È gran contesa di precedenza in quella corte fra l’ambasciatore di Francia e Spagna, sebbene resta
indecisa, nondimeno il re avvantaggia la parte di Francia.
L’ambasciatore di Spagna, ogni giorno visita il luogo dove furono fatti morire li cattolici, per causa
di congiure ed altro, ed ivi si cava la berretta, gli fa riverenza e onore, lo rimira e dice: Questo è luogo
santo dove sono stati fatti morire gli innocenti cattolici, martiri per amore della nostra Cattolica
Religione.
Il re ha conceduto un tempo che li stati di Fiandra, fossero ribelli alla corona di Spagna; ma dopo
che restò persuaso diversamente, crede che siano stati liberi, e che guerreggino per conservazione della
libertà, onde l’ajuterà più volentieri.
Sono detti stati debitori al re di molte centinaja di ducati, ed è accordato il pagamento di questo
debito a 120.000 fiorini all’anno, sicché in 3 anni sarà fatta l’intiera soddisfazione.
È in Londra la compagnia dei mercanti, la quale spedisce ogni anno 8 e più vascelli in Levante di 800
in mille botti, ed il re non fa altro che conceder loro lettere e credenziali.

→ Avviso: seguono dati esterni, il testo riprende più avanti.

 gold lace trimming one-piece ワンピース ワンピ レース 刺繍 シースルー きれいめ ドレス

A Milano trovai nell’andare il segretario Marchesini che lodo, a Torino il signor ambasciatore
Barbarigo che lodo pure; e a Parigi il signor ambasciatore Foscarini all’andare, perché il ritorno fu per
Fiandra e Germania, lo lodo.
Il re di Francia era allora in ottimo stato di salute e molto robusto, benché tutto canuto; e
passeggiando meco mi motteggiò con ragionamento assai lungo di voler castigare li Spagnuoli.

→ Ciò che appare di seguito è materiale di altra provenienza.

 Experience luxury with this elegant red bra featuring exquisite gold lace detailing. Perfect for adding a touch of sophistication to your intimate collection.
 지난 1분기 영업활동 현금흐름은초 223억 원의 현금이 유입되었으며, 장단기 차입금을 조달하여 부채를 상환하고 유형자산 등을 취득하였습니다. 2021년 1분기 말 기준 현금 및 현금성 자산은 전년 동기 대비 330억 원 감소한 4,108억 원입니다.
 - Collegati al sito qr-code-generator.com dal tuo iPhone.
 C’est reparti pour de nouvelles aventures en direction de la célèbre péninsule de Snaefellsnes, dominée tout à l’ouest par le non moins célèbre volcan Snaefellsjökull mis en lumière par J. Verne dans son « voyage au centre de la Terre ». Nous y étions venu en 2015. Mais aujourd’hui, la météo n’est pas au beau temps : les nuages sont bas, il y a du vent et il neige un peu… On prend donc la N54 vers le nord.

Tre nobili mi hanno accompagnato in questa ambasceria, Morosini di ser Silvestro, Valaresso di ser
Zaccaria, e [Girolamo Lando] di ser Antonio, li lodo tutti assai. Vettor Barbarigo mio secretario, lo lodo
e raccomando.
Ho travagliato assai e speso più di 20 scudi il giorno, il che è da pensare. Il re mi donò una cesta
lunga, grande, piena di argenti dorati.